Opinion, By Michael D. Kerlin
RIO DE JANEIRO, BRAZIL – August 5th begins the five year countdown to the Opening Ceremonies of the 2016 Olympic Games in Rio de Janeiro. Sadly, the city’s most vulnerable people are following the same countdown, not for the sporting event, but for the return of violence to their neighborhoods.

Michael D. Kerlin is an international management consultant who began working in Rio’s favelas fifteen years ago.  Rio de Janeiro, Brazil, News
Michael D. Kerlin is an international management consultant who began working in Rio’s favelas fifteen years ago.

The Olympic Games and the World Cup in 2014 offer the government an urgent incentive to “pacify” the favelas in the next five years, to avoid global embarrassment. But the key for Rio’s poor is to make peace sustain itself well beyond the big sporting events.
Ever since drug traffickers shot down a helicopter just a few weeks after Rio won the Olympic bid, a major crackdown on violent gangs has swept the city.  That is good news for most.  Police Pacifying Units (UPPs) have embedded themselves in a dozen favelas, and the army has occupied two of the most dangerous favela networks, the Complexo do Alemão and Vila Cruzeiro.

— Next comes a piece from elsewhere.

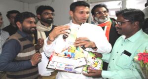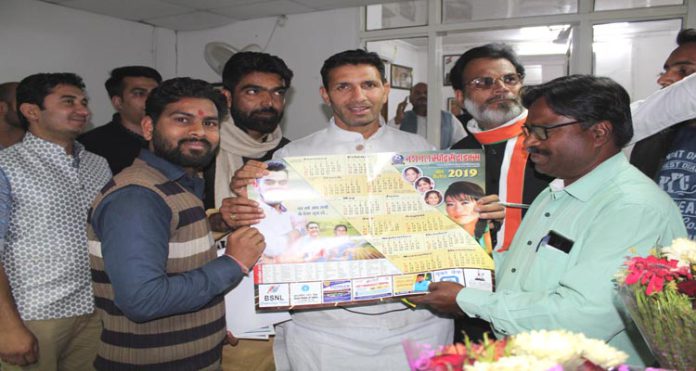 भोपाल। म.प्र के खेलमंत्री जीतू पटवारी को आज यहां उनके निवास पर नेशनल स्पोर्ट्स टाइम्स – 2019 का खेल कलैंडर संपादक इंद्रजीत मौर्य ने भेंट किया। जीतू पटवारी ने खेल कैलेंडर को शानदार बताते हुए कहा कि यह कलैंडर खिलाड़ियो को नई उर्जा देगा। इस मौके पर खेलमंत्री को पत्रिका का जनवरी अंक भी दिया गया। इस अंक में जीतू पटवारी का साक्षात्कार भी छापा गया है।
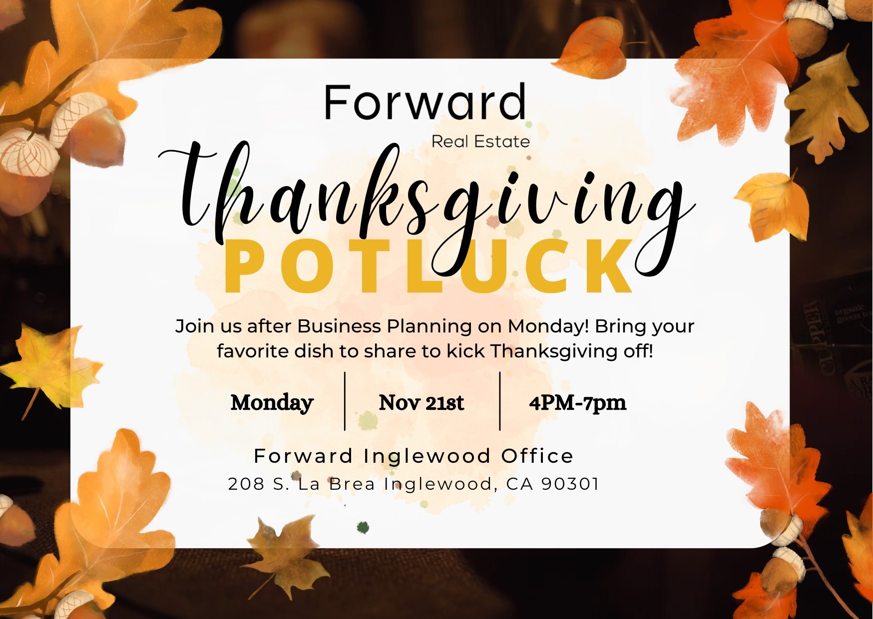 Come celebrate Thanksgiving Potluck + Charity after Business Planning event on Monday.

In those areas, conversations with ordinary favela residents reveal a much more fragile sense of peace. To be sure, people walk the narrow, twisting alleys more freely now. Carnival participation swelled in the wake of the army occupation. Weekly forró dances have returned to the plazas where drug gangs once presided over funk dances with machine guns.
But, below the surface, many residents see the return of the drug gangs as inevitable. They speak of enjoying peace “for now.” Many avoid contact with the soldiers lest gangsters-in-hiding take revenge on local traitors some day when the drug traffickers are back in power. And even the residents who don’t avoid the army don’t offer it much respect either. During one Carnival confrontation, a soldier lamented that locals would never mouth off to drug traffickers the way they did to soldiers.
The favela residents have good reason for pessimism. Many saw their neighborhoods “cleaned up” in advance of the 2007 Pan American Games in Rio. The drug gangs some ground and murder rates in the city dropped. Rio de Janeiro cut its municipal homicides by per 100,000 people from 46.4 to 35.7 between 2006 and 2007, in advance of the games.
Peace takes hard work and persistence, though.  After the sporting event, many drug gangs simply regained power.  In 2010, Rio’s homicides were back up to 50 per 100,000 people. Where drug gangs didn’t surge, militias, with ties to the police, launched rings of violence and extortion often worse than those of the drug gangs.
Police killings of drug traffickers and innocents alike don’t help, even if they’re part of the peace effort. Police killed 1,330 people in 2007, 25 percent more than the 1,063 that they killed in 2006.  To put those figures in context, the police were already killing about three times more people in Rio de Janeiro state alone per year than police killed in the entire U.S. per year.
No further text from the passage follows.